Provenance dataset: Multiple cybersecurity datasets have been introduced for the details of system behavior which enables provenance analysis. ISOT-CID dataset [26] includes data of multiple formats including network traffic, system logs, performance data (e.g., CPU utilization), and system calls. While these data are quite close to what we provide, the system call data are incomplete and not structured. They lack full details and the records are in a non-standard format similar to the strace output. Therefore, it takes manual effort to parse, curate, and extract useful information from the records. ProvMark [39] is a benchmarking system regarding provenance expressiveness, which evaluates three types of provenance recorders: OPUS [40], CamFlow[41], and SPADE [42], [43].

DARPA released Operationally Transparent Cyber (OpTC) data that was used to evaluate the DARPA Transparent Computing (TC) program [27]. These data have been used in multiple papers for analyzing APT attacks. While this dataset has a large volume of rich data, it lacks proper explanation, so that the details of attacks are understood by researchers. In this regard, Anjun et al. analyzed and published the details of OpTC dataset [28] explaining the details of characteristics. However, still, this paper describes overall statistics such as the types of actions and objects.

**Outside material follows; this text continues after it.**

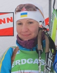 Olena Pidhrushna on Biathlon World Cup mixed team podium in 2010, Pokljuka

Compared to these approaches, ProvSec has several advantages that can help researchers conduct research with provenance data especially for machine-learning tasks. Our dataset has full details of system calls and parameters that are organized in the json format and enable the construction of operating system dependencies and system provenance analysis. We utilized real vulnerabilities and proof-of-concept (PoC) code to simulate attack scenarios inside docker environments which are recorded in the operating system kernel.

As a most useful characteristic, we provide manual labeling of the attacks that are helpful to identify the root causes of attacks and the full details of attack behavior which will help experiments that need ground truth validation or supervised machine-learning experiments. Each scenario data case is organized into two separate runtime instances and corresponding recording files, (1) one benign case and (2) an adversary case which is recorded without and with attack behavior. This clear labeling structure can significantly facilitate the data pre-processing for machine-learning tasks.

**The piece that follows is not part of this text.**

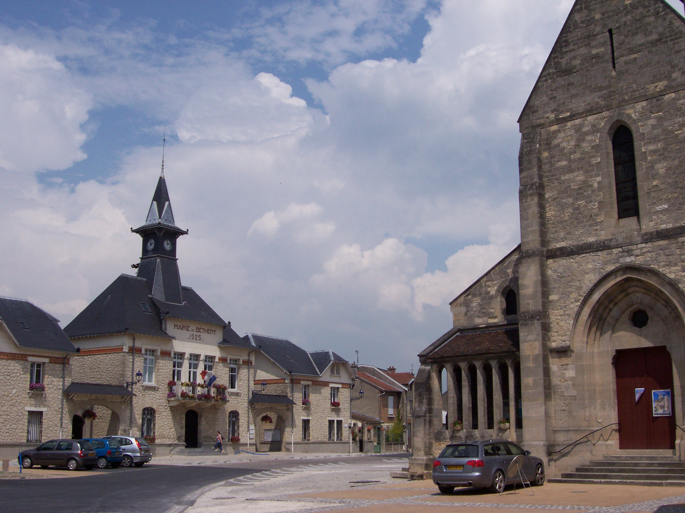 Central place of Betheny, Marne (Champagne), France, with the church and the town hall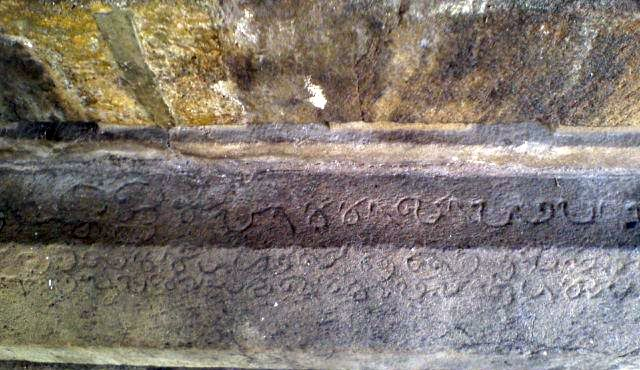 Shilalikhitham

Provenance analysis: Provenance analysis has been studied by a large body of work in recent years [9,10,11,12,13,14,15,16,17,18,19,20,21,22,23,24,25]. Recent survey papers [24, 25] summarize multiple approaches conducted in the provenance tracking and dependency analysis according to their categorizations. Multiple attack detection approaches [23, 44,45,46,47] have been proposed to detect APT campaign effectively. Due to a large volume of data, several ideas for data reduction have been explored, such as execution partitioning, garbage collection, and approximations of behavior patterns [18, 48,49,50,51,52,53]. Regarding the mechanisms of collecting provenance data, several approaches used OS-level data collectors with program instrumentation [18, 19]. A kernel-based framework [21] and hardware-based technique [22] are also proposed. As another trend, machine-learning-based solutions [10, 44, 54] are increasingly being used to improve detection. All such approaches can benefit from the provenance dataset with high-quality labeling. Our work can contribute to such approaches as additional evaluation data.

7 Conclusion

In this paper, we introduce a new dataset for security provenance analysis along with a detailed description, analysis, and clearly provided labels with two separate execution traces of a benign scenario and an adversary scenario. This dataset is differentiated from prior work with detailed data for causal dependencies across events, the usage of real vulnerabilities and PoC exploits, and manual labeling which particularly would be helpful for validation and supervised machine-learning tasks. We performed an enhanced causality dependence analysis with our improved algorithm and demonstrated how the dependency analysis can simplify the analysis of each attack scenario with our dataset cases. We made our dataset public, so that the research and education communities advancing provenance analysis can benefit from this dataset.